3. The method for continuously preparing the main chain type benzoxazine derivative according to claim 1, wherein the preparation method of the amine compound solution comprises the following steps: and (3) dissolving the amine compound in a solvent to obtain an amine compound solution with the concentration of 0.1mol/ml to the saturated concentration.
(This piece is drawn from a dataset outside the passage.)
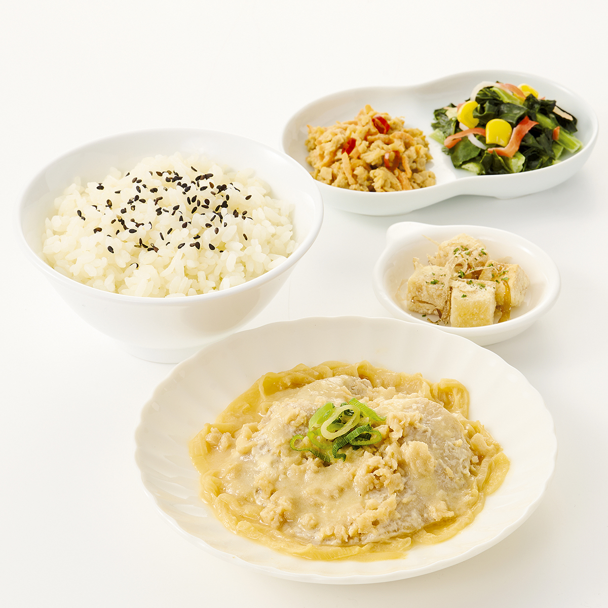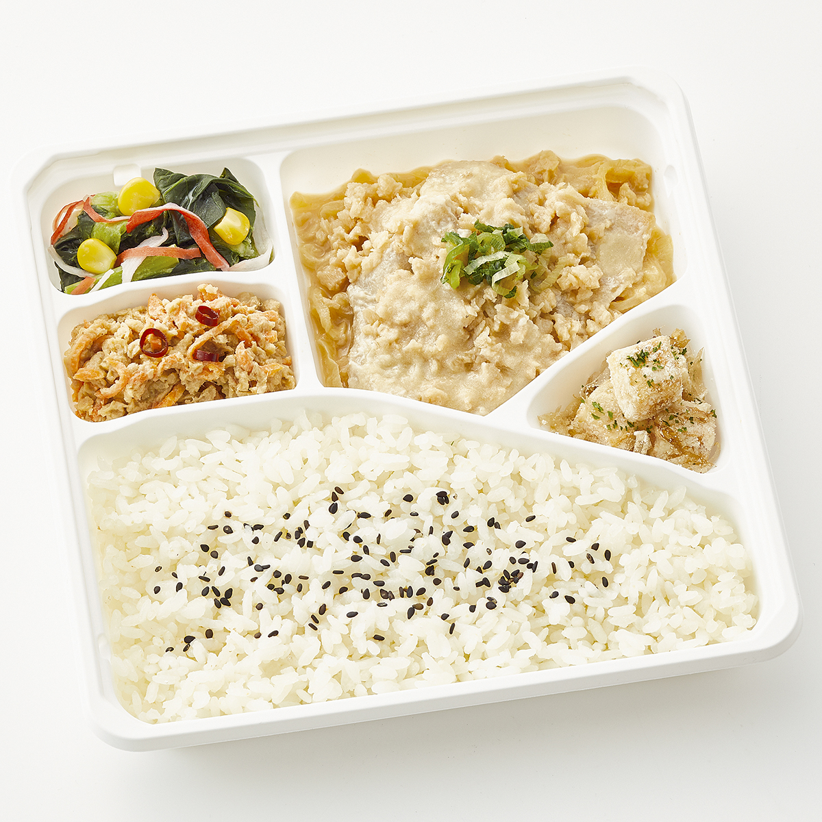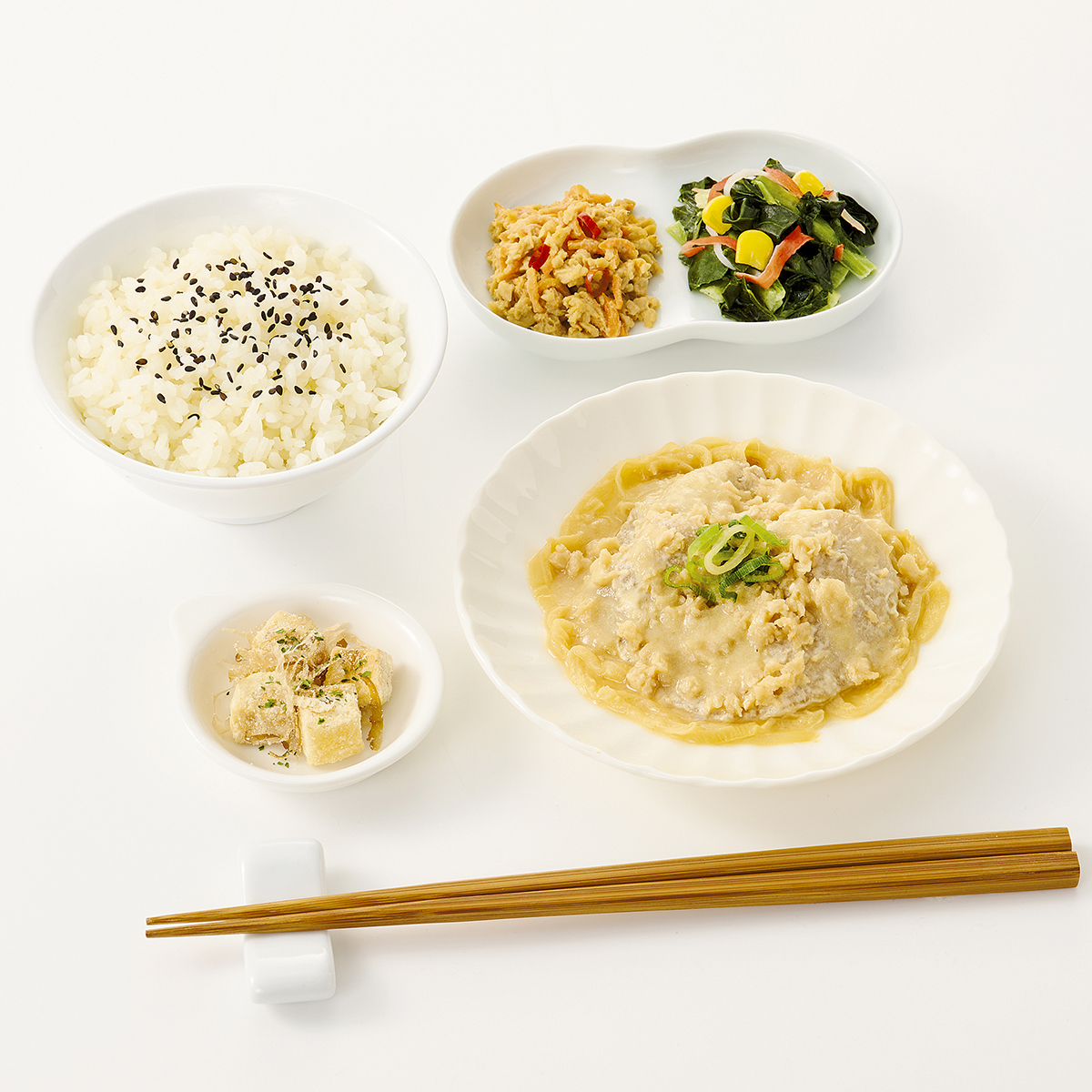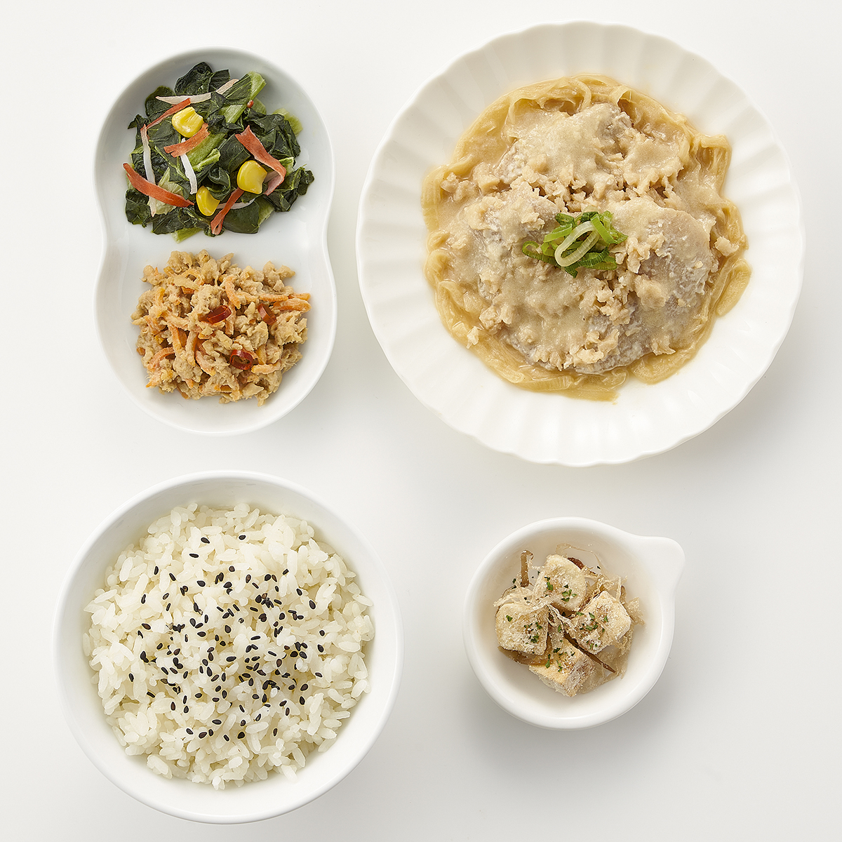 | 原材料名 | うるち米(日本産)、玉ねぎ(日本産)、小松菜(中国産)、じゃがいも、豚肉(アメリカ産)、人参、ホエイたんぱく濃縮物、みりん風調味料、発酵調味料、醤油、ツナフレーク、砂糖、植物油、粒状植物性たん白、しょうが(中国産)、ねぎ、とうもろこし、魚肉ねり製品、醤油だし、にんにく、ごま、調合ごま油、かつお削り節、唐辛子、パセリ/糊料(加工でん粉、増粘多糖類)、卵殻Ca、リン酸塩(Na)、調味料(アミノ酸等)、加工でん粉、炭酸Ca、pH調整剤、酸化防止剤(V.C)、着色料(トマト色素)、酸味料、香料、乳化剤、(一部にかに・小麦・卵・乳成分・ごま・さば・大豆・豚肉を含む) 原材料配合割合(仕込み時):豚肉3%しょうが0.6% | ||

4. The method for continuously preparing the main chain type benzoxazine derivative according to claim 1, wherein the preparation method of the phenolic compound solution comprises the following steps: the phenolic compound is dissolved in a solvent to obtain a phenolic compound solution with the concentration of 0.1mol/ml to the saturation concentration.

5. The method for continuously producing a main chain benzoxazine derivative according to claim 1, wherein the solvent is at least one of methanol, ethanol, 2-propanol, acetone, toluene, xylene, chloroform, dioxane, and tetrahydrofuran.

6. The method for continuously preparing main chain type benzoxazine derivatives according to claim 1, wherein the weight average molecular weight M of the main chain type benzoxazine derivatives _w 9000 to 40000.

7. The method for continuously preparing the main chain type benzoxazine derivatives according to claim 1, wherein the molecular weight distribution of the main chain type benzoxazine derivatives is 1-9.